Chicago Sun-Times review of the Larry Coryell Trio

...there was no lack of explosiveness. Not with him and drummer Paul Wertico pushing each other to extremes, Coryell daring Wertico to keep up with his dazzling runs and Wertico answering by bashing up a storm. Throughout, Coryell kept the music in the air with his offbeat sense of time. It's not just that he lagged behind the beat - which in Wertico's presence was akin to loitering at the tracks before crossing. He also revealed his roots as an easygoing Texas native through pauses and bluesy rhythmic bends. On Monk's great ballad, "Ruby My Dear", Coryell honed his approach to produce a dark, gleaming, spiritual quality, expertly swept along by Wertico's brushes. The guitarist and drummer, while not frequent collaborators, have played together before. The ease with which they communicated made for music full of wit as well as warmth. Neither so much as smiled when Coryell eased off from his charged on "Dragon Gate" by quoting from "You'd Be So Nice To Come Home To." Highly Recommended...Guitarist Coryell and Chicago drummer Paul Wertico hook up to dynamic effect.

Chicago Reader's "Critic's Choice" on the Larry Coryell Trio

Wertico shares Coryell's musical schizophrenia: he works in Pat Metheny's group and leads one of the country's best fusion trios (fronted by guitarist John Moulder), but regularly settles into straight jazz like Joe Sixpack into his favorite armchair.
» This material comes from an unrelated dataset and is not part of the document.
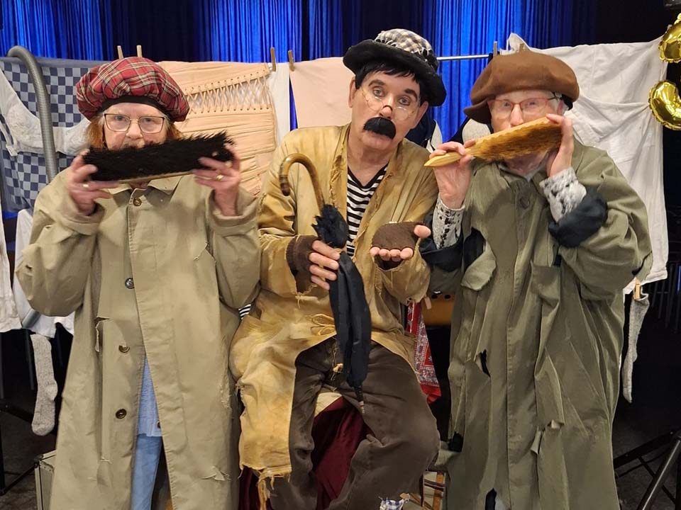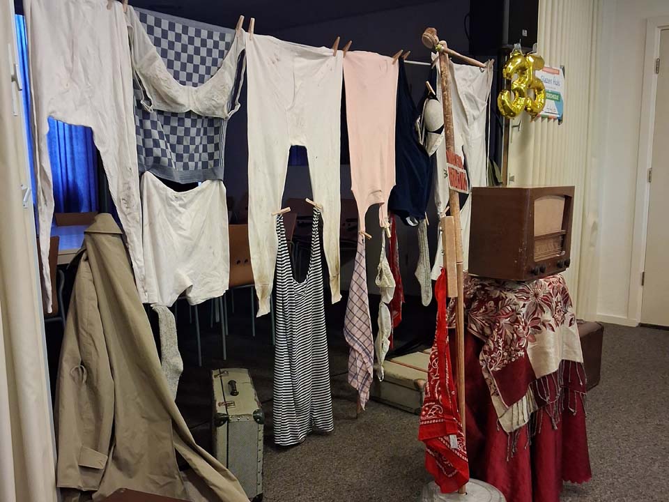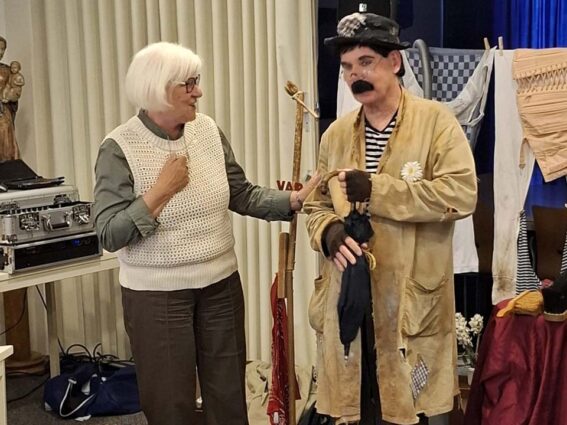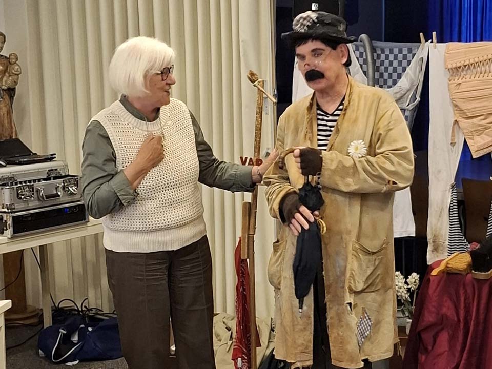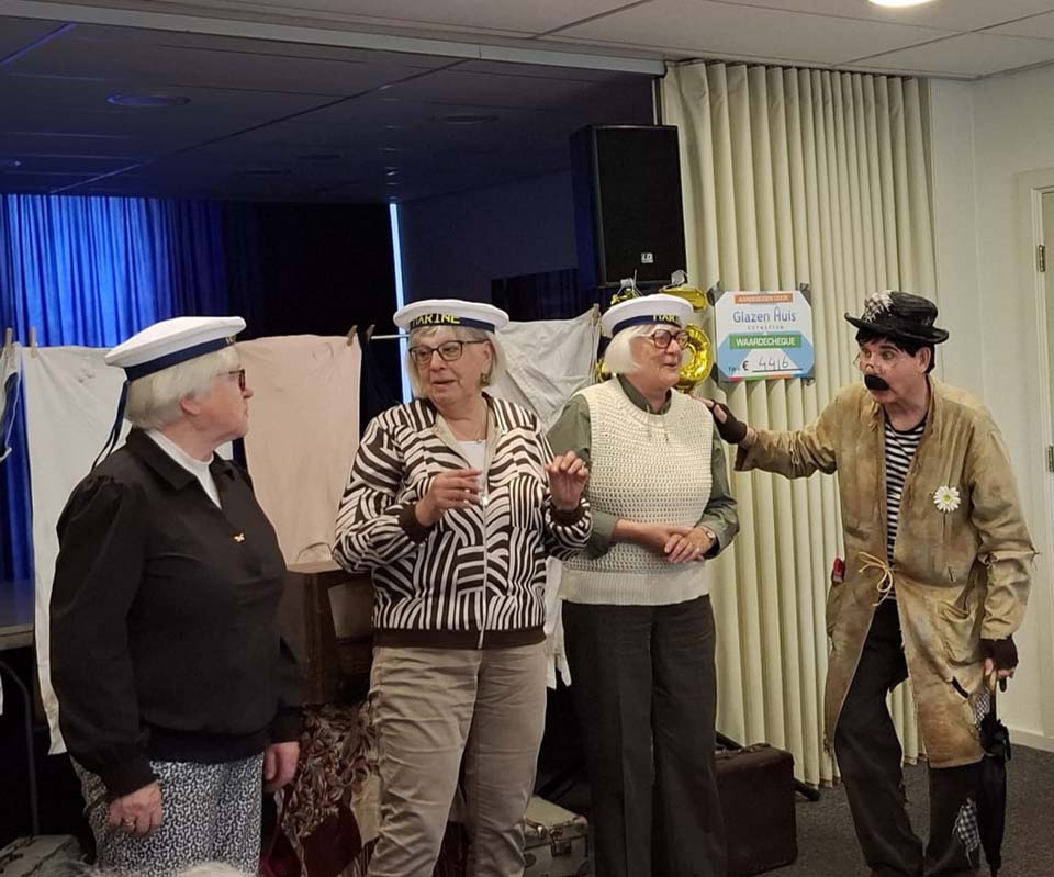 In een schitterend decor met oud wasgoed kwam Dorus op en werd hij met een groot applaus welkom geheten en kon het feest beginnen. Het werd een topmiddag. Dorus had aandacht voor iedere gast. En ze werden ook ingeschakeld bij verschillende onderdelen uit het programma. Marietje Masselink en Dinie Giezen traden op als straatmuzikanten. Zelfs de vrijwilligers Lucie Steghuis, Ans Nijhuis en Vera Voortman moesten aan de bak als matrozen. Dorus haalde vele grappen uit en zijn liedjes, die volop werden meegezongen, schalden door het Parochiecentrum. Kortom, het werd een topmiddag voor deze editie van de Ouderensoos, die werd afgesloten met een heerlijke snackparty. Iedereen ging lachend naar huis en iedereen zal de hele avond nog hebben nagenoten van deze prachtige feestmiddag.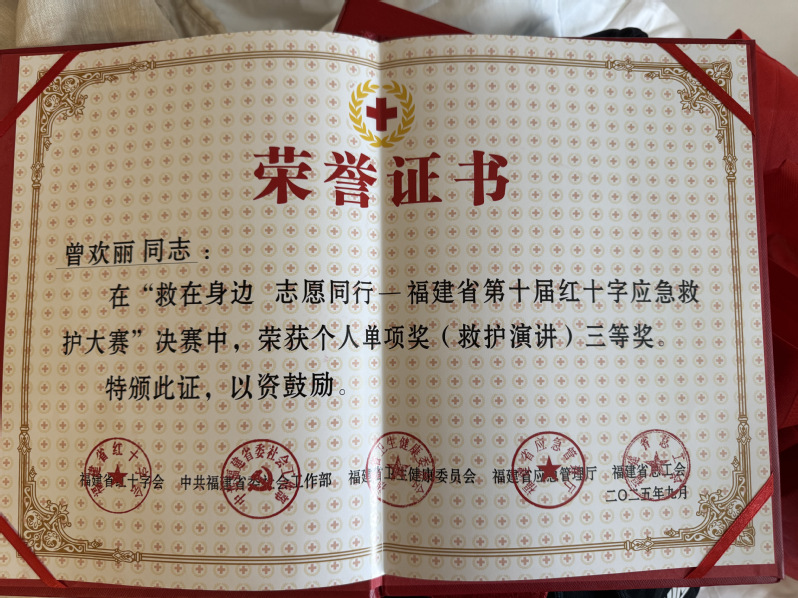 我校師生團(tuán)隊5人代表福州市紅十字救護(hù)隊參賽。經(jīng)過二十多天的封閉集訓(xùn)與激烈的現(xiàn)場競賽,我院教師曾歡麗獲得由福建省紅十字會、中共福建省委社會工作部、福建省衛(wèi)生健康委員會、福建省應(yīng)急管理廳、福建省總工會聯(lián)合頒發(fā)的個人單項獎(創(chuàng)傷救護(hù))三等獎、個人單項獎(救護(hù)演講)三等獎。

Chicago Sun-Times review of the Chicago Jazz Ensemble

The greatest pleasure was provided by the tandem of occational CJE drummer Paul Wertico and the great Don Moye. Wertico charged the "Sardinian Suite" with bashing intensity. He and Moye, who mostly played congas, left the crowd envisioning a different kind of musical summit.

Chicago Sun-Times review of the Frank Catalano/Randy Brecker Quintet

Fueled by the combustive rhythm section of Willie Pickens, Michael Arnopol and Paul Wertico, Catalano and Brecker were firing on all cylinders before shifting into second gear.

Berlingske Tidende review of the Niels Lan Doky Group

To a remarkable extent during his solos, Niels Lan Doky was incredibly inspired and creative....especially Paul Wertico contributed very importantly in making the music forward-moving and jazz-oriented.

Denmark review of the Niels Lan Doky Group

It was especially to the American drummer Paul Wertico's and French percussionist Xavier Desandre-Navarre's merit, that the concert was such a success, because they really made Doky's beautiful and well-arranged melodies come alive, to the point where the roof nearly blew off the venue! review of the Bunky Green Quartet

The group had a playful demeanor and each was a wonderful soloist. Wertico caught the crowd off guard with an amazing drum solo using only his hands.